Brügger & Thomet, fabricant du LBD, qui vendait illégalement des armes au Kazaksthan

L’armurier suisse qui fabrique le tristement célèbre LBD 40, en dotation chez les agents qui assurent le maintien de l’ordre en France, traîne plusieurs casseroles. A plusieurs reprises, Brügger & Thomet s’est retrouvé impliqué dans du trafic d’armes et de l’importation illégale d’armement. 

Dernièrement, nous mettions en lumière le conflit qu’il existait entre le gouvernement et le fabricant suisse Brügger & Thomet, qui fournit en l’occurrence, le tristement célèbre LBD 40, arme sub-léthale rendu coupable de causer de nombreuses blessures graves aux manifestants présents dans les mouvements Gilets Jaunes.

Seulement, l’entreprise basée à Thoune, reste un célèbre fabricant d’armes, bien létales cette fois-ci. Ainsi, l’armée de l’air allemande dispose par exemple du pistolet mitrailleur MP9. Le 4e régiment de parachutistes italien utilisent, quant à eux, des silencieux produits par l’entreprise suisse. 

Bien implantée, l’entreprise a aussi été plusieurs épinglées pour diverses controverses qui n’ont pas empêchées le gouvernement français de choisir cet armurier.

Trafic d’armes, zones de conflits et contrebande

En 2014, le Ministère public fédéral Suisse rendait une ordonnance pénale contre Karl Brügger, président de l’entreprise par avoir vendu illégalement des armes au Kazakhstan.
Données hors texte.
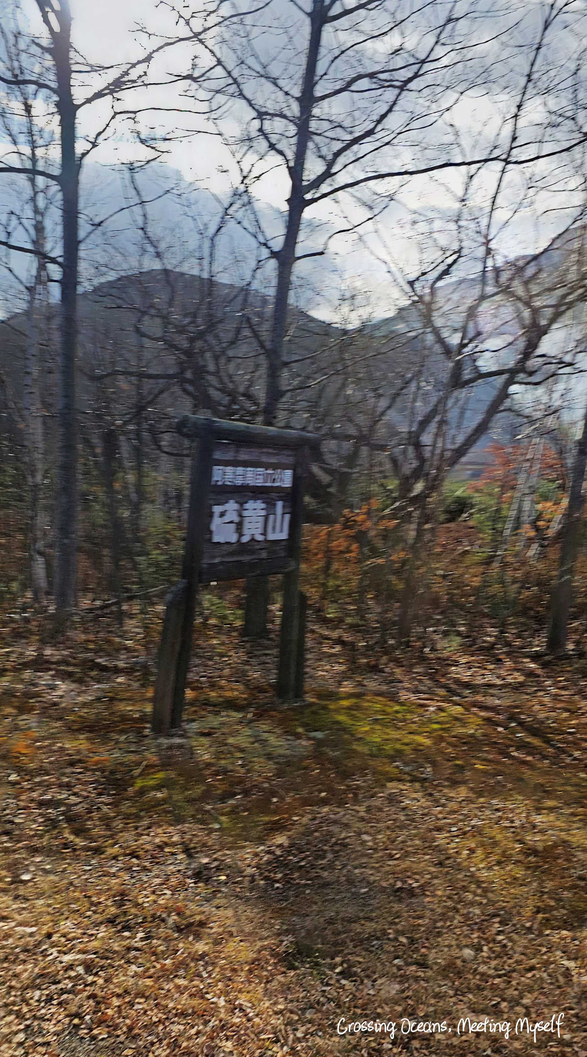 巴士準備前往下個地點,我透過車窗看著硫黄山最後一眼~再見了。

La technique était, semblait-il, bien rodée. L’armurier qui avait reçu un refus d’importation en 2008, avait finalement conclu un accord de vente en Nouvelle-Zélande tout en sachant que les armes finiraient leur course en Asie centrale. En 2018, l’entreprise est condamnée à une amende de 3 000 francs suisses soit 2 641€.
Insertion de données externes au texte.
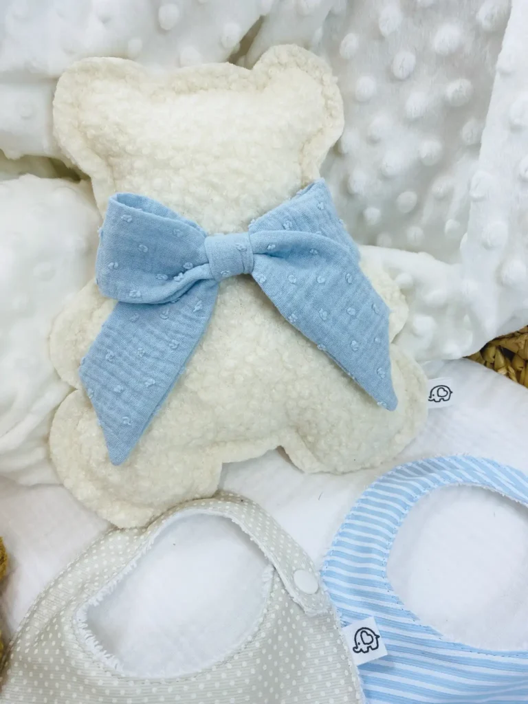 Il nostro orsetto decorativo non è un semplice peluche, ma un complemento d’arredo unico pensato per i più piccoli. La texture ricercata del tessuto bouclé (effetto “orsetto”) si sposa perfettamente con lo stile naturale e boho-chic delle camerette moderne.

Les armes suisses sont aussi connues du côté de l’Afrique. D’abord en République Démocratique du Congo où, en janvier 2018, alors que la répression des marches laïcs chrétiens est très forte, de nombreuses munitions SIR sont utilisées contre les manifestants. Pour rappel, les munitions SIR sont les cartouches en caoutchouc du LBD 40 fournies par Brügger & Thomet. 
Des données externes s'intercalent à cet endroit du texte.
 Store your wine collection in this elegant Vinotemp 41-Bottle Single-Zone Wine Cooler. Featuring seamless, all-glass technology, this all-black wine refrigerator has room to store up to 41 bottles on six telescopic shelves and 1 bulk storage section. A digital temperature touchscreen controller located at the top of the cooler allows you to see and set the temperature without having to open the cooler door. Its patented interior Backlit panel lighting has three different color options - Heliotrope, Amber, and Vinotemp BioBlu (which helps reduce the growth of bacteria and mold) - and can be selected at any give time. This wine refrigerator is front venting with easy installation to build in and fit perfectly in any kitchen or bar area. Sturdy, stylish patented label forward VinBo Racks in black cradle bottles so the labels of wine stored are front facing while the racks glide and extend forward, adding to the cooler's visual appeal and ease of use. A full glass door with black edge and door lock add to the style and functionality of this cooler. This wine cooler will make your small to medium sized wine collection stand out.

Plus récemment, lance-grenades, dont sont dérivés les LBD 40, étaient vendus en Syrie, du côté de Tripoli. Une information confirmée par le centre australien de recherches sur les armes ARES. La société publique suisse de défense RUAG et le fournisseur Brügger & Thomet ont tous les deux confirmé qu’ils s’agissaient bien de leurs armes. Pour autant, ils ne fournissaient aucune explication sur la façon dont ces armes étaient arrivées en Syrie.

Le fabricant avait aussi été mêlé à une affaire d’importation d’armes de contrebande. En août 2016, la garde civile met la main sur une cargaison de 737 fusils d’assaut et 72 armes anti-émeutes en provenance du Ghana. « La cargaison était déclarée comme des « armes démontées », mais tout était encore dans l’emballage d’origine et prêt à l’emploi » explique la RTS. 

Le contrat conclut entre le fabricant et le Ghana était de 1,5 millions de francs suisses. Les armes ne sont jamais arrivées. Mieux, elles devaient partir aux Etats-Unis. Pour quelle raison ? Là encore, Brügger & Thomet avait assuré que la transaction avait été approuvée par le département Fédérale des Affaires Étrangères et le Secrétariat d’État à l’économie.